14 April, 2015 - 07:52

Perhaps without realising it, questions about halal certification replicate the form of a traditional antisemitic preoccupation with Kosher food

Barnaby Joyce, ever the defender of Australian beef exports, has been trying to hose down his colleagues’ “concerns” about halal certification. “Unless [meat is] halal certified, we can’t sell it,” he said on Monday. “That means the whole processing line becomes unviable.”

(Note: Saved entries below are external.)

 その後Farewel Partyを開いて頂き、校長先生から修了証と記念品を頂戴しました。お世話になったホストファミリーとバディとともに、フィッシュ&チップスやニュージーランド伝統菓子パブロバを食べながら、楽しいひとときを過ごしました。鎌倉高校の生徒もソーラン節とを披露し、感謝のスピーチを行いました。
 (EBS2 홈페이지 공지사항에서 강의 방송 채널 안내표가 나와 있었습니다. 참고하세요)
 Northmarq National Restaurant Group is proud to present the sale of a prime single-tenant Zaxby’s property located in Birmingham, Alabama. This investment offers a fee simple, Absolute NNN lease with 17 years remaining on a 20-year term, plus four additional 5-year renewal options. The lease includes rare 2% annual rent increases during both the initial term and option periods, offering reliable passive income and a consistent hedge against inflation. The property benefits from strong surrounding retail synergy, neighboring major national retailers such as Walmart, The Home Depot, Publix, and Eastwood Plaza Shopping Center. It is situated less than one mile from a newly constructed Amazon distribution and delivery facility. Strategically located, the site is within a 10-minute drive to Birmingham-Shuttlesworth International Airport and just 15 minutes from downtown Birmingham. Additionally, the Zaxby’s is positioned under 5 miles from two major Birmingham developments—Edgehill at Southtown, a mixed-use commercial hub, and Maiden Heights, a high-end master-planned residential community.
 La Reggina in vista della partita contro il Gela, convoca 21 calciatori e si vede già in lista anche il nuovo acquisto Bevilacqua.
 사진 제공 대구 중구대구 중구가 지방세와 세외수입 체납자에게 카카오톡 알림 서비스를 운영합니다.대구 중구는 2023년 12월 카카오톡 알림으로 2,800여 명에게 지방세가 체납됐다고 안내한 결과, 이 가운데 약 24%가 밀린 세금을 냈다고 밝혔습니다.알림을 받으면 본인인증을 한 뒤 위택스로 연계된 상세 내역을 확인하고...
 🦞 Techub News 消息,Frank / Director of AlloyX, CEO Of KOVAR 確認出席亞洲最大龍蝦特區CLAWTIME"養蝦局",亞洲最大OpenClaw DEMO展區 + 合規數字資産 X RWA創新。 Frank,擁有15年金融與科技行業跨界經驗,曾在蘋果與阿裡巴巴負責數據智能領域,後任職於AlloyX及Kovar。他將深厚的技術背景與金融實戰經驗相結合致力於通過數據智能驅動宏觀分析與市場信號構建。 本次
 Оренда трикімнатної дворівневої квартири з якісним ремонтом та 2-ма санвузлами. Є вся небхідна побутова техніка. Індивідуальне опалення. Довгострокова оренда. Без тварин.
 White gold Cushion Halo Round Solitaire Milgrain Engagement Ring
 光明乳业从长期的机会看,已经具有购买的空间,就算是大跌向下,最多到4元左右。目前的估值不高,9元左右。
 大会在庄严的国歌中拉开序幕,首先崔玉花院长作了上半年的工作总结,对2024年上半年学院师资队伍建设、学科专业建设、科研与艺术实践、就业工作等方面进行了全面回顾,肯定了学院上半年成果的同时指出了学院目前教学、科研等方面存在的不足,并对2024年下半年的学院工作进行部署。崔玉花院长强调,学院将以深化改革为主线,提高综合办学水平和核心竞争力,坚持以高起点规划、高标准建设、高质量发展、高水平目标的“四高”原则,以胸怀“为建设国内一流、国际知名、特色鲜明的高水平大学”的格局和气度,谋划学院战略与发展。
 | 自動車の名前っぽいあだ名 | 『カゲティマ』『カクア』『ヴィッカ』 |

He has a big task ahead of him: Tasmanian senator Jacqui Lambie and Liberal MP George Christensen have questioned whether there is a link between terrorism and halal certification, and South Australian senator Cory Bernardi has called for a parliamentary inquiry into the “halal certification racket”.

American families are paying tribute to Jews every time they sit down at the table to eat and in many instances, polish their shoes, silver or wrap the leftover Thanksgiving turkey. Why? Because Jews have discovered a way to coerce business to pay taxes directly to Jewish organizations and pass the cost on to the consumer.

Islam has found a way to force every Australian family to donate to the Islamic cause and you’ve been living under a rock if you think terrorism isn’t one of its causes. Impossible you say? I thought so too, until I searched for a list of foods that are Halal compliant.

The tradition of Islamophobia is, like antisemitism, rooted in the medieval Christian hostility to the ‘enemies of God’ ... Many stories told about Jews in medieval and early modern Europe were also spun around what were then termed Moors, Saracens or Red Jews: Muslims were devil-worshipping, sexually deviant, man-eating monsters; Muslims ritually defamed the cross and consumed the blood of ceremonially slaughtered Christian children in blasphemous communions.